For Mr Bisi Omoleye, a Lebanese factory worker at a steel company, the experience is still the same.
“I only worked in that company for three days before I ran away. We were always warned not to touch the machine. In fact, a machine fell on my hand and twisted my bones. Till today I still nurse that hand. Though we were taken to their clinic, I want to tell you that we were not given first class treatment and when I complained, we were told to leave if the treatment was not okay with us.
“These Chinese companies don’t have any insurance for their staff. If you die, you die for nothing. These inhuman treatments made me run away after three days. Spending just that little time and till date I still feel the pain in this hand, that is the level of the kind of work we do there and the health hazards we are exposed to.”
Also commenting on the issue, Mrs Omoriye Victor said, “first, we are employed as casual workers, and I must tell you we resume as early as 8: 00 am and we close by 5pm and we are paid far less than the work we do. Normally, there should be uniforms we wear when operating the machine, but we wear our own cloths. The facilities in the factory are so bad, the toilets are in bad conditions, there are no private rooms for the ladies to change and so we have to change just any where around. Another thing is that when you are working, you are not expected to leave for whatever reason until break time.
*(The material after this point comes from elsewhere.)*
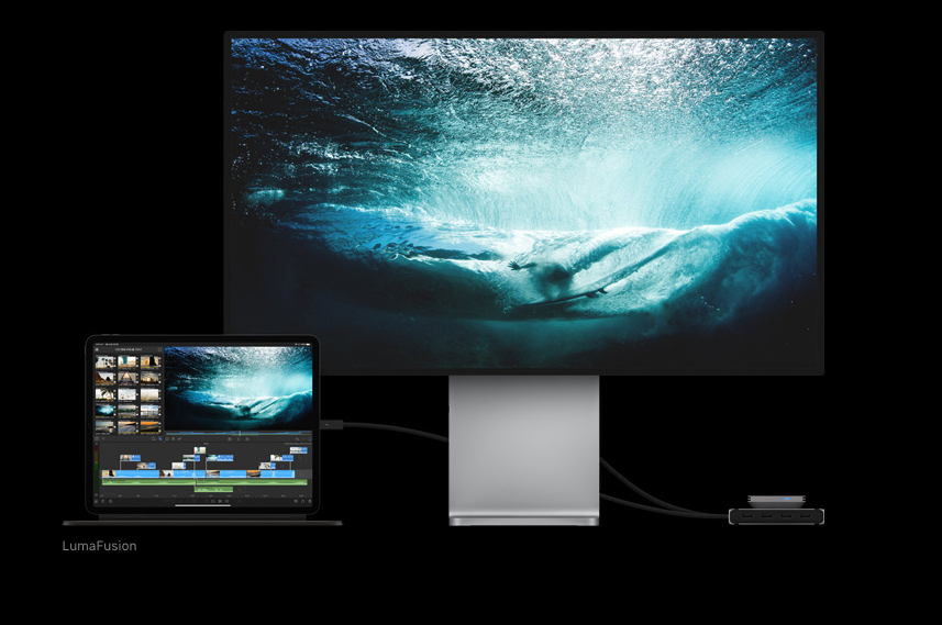 애플 프로디스플레이 XDR을 케이블로 연결하면 6K 해상도로 5세대 아이패드 프로의 화면을 출력할 수 있다. 고해상도를 지원하는 외장형 모니터를 연결하기 위해 이제 맥북만을 고집할 필요가 없어졌다. (사진 : Apple)

Though, in my company, if anyone sustains injuries , they treat and cater for the individual just because they don’t want it to go public. Some people who sustained injuries sometimes ago were promoted , but for how long will this compensation hold, after sometime when the individual can no longer perform as usual because he or she is now handicapped, then they dismiss him and someone who is already physically challenged will of course find it difficult getting another job.”
One common feature in most of the Chinese/Lebanese companies springing up in various industrial estates within Lagos State is the locked up gates.
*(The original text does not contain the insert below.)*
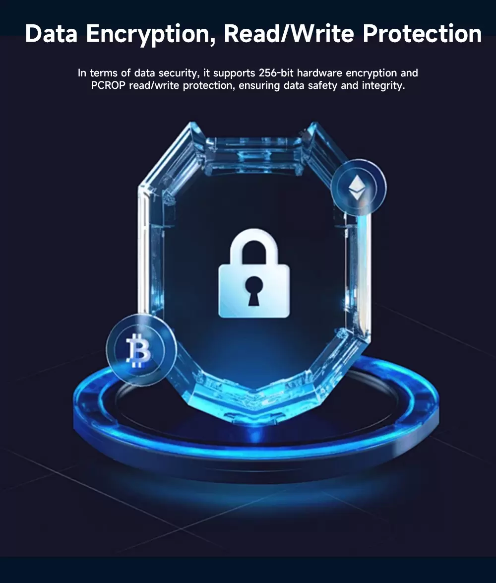 Генератор истинных случайных чисел (RNG), аппаратное шифрование AES, 256 бит.

The scenario is the same at a factory at Ogba Industrial Estate, which produces packed fruit juices, as well as another factory at Kirikiri Industrial Estate that produces perfumes, powder, nails and body cream.
However, a Chinese businessman, Mr. Lee Davids, pointed out that the practice of having factories firmly locked is not peculiar to Nigeria.
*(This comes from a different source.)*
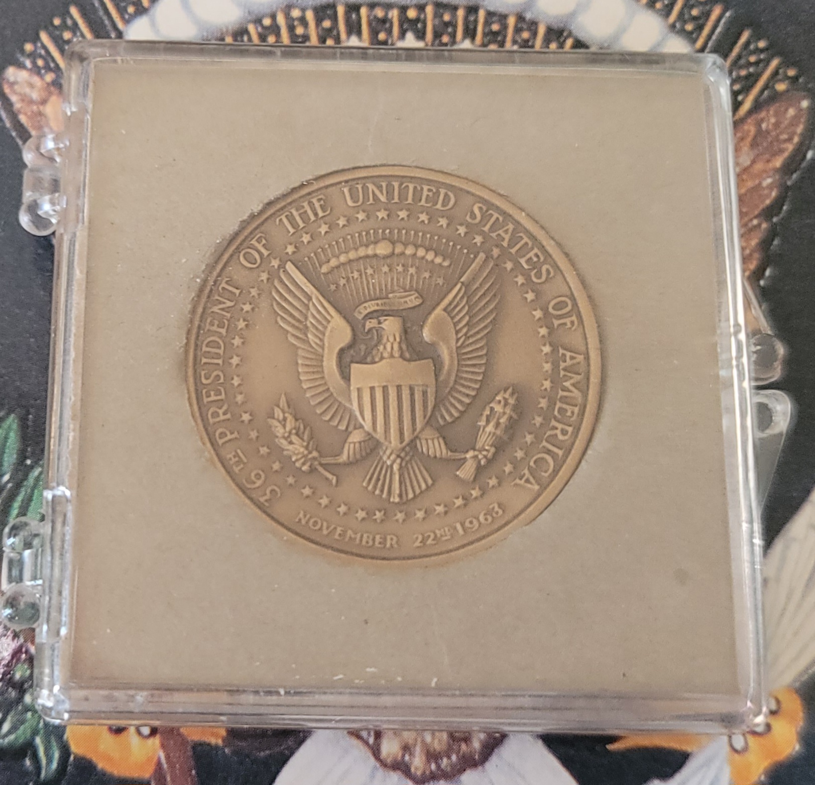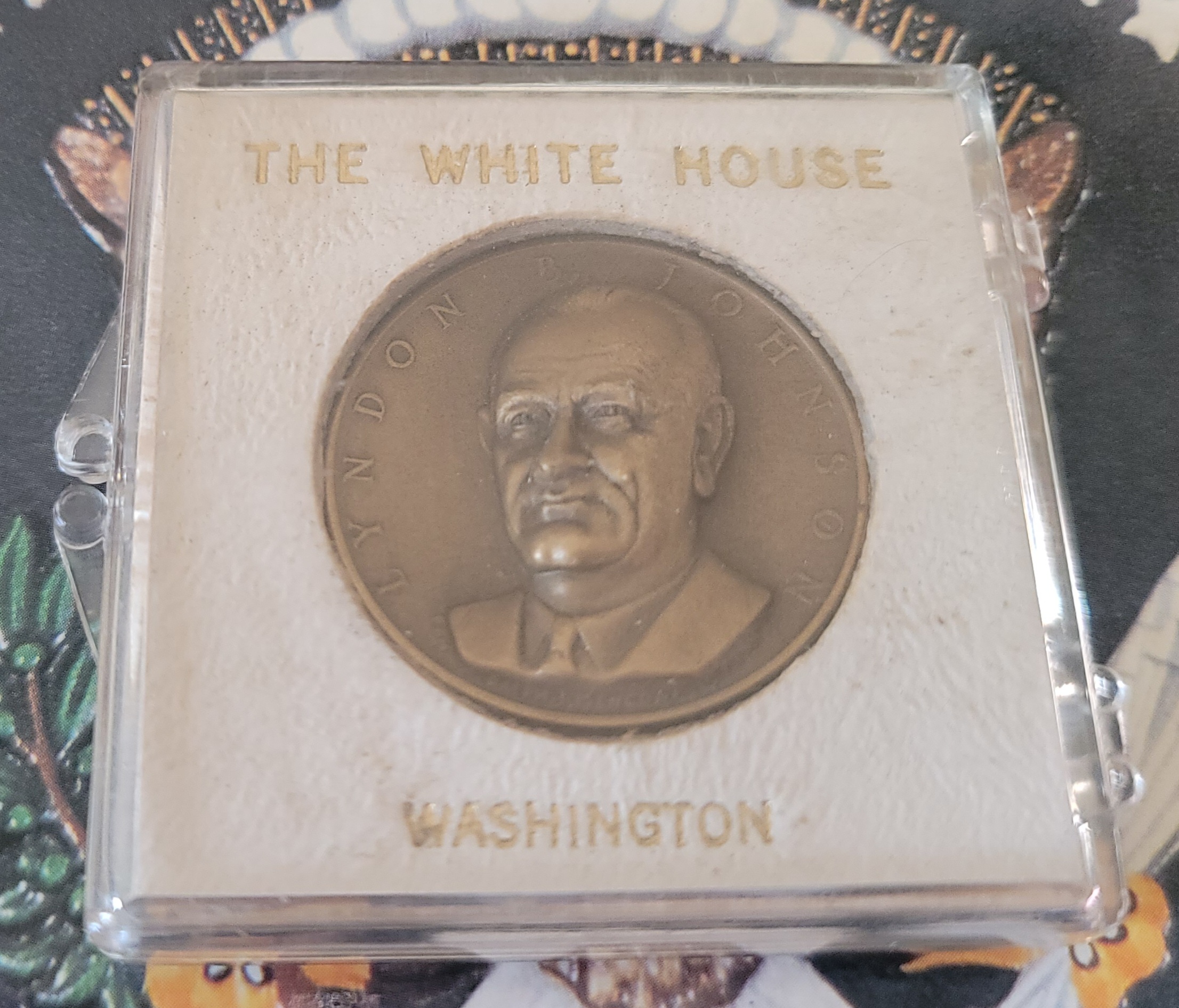 This is a beautiful Medal incased in Lucite to make a Presidential paperweight. This was an official President Johnson White House gift. What makes this particular gift so special is it is still wrapped in its original holiday gift wrap that The Johnson White House used for some of President Johnson official Presidential holiday gifts. The first row of photos show the Lucite encase medal paperweight that you will receive still wrapped up for the holidays. The second line shows one of these gifts opened so you can see what's inside. The opened one is from, the same estate to give you a real idea of the item inside and its condition. $55.00

Davids said factories in Asia and many European countries are usually locked during production to prevent pilfering or theft.
“It is true that we lock our factories while work is in progress. This is because many workers have been caught in the past stealing their employers’ products. You will be surprised that despite the security put in place as well as closing the entrance of the factory gate, workers still steal products.”
On why the workers are made to work 12 hours, Davids said the extra hours are paid for as over time, adding that the workers are told the terms and conditions of service before they are hired.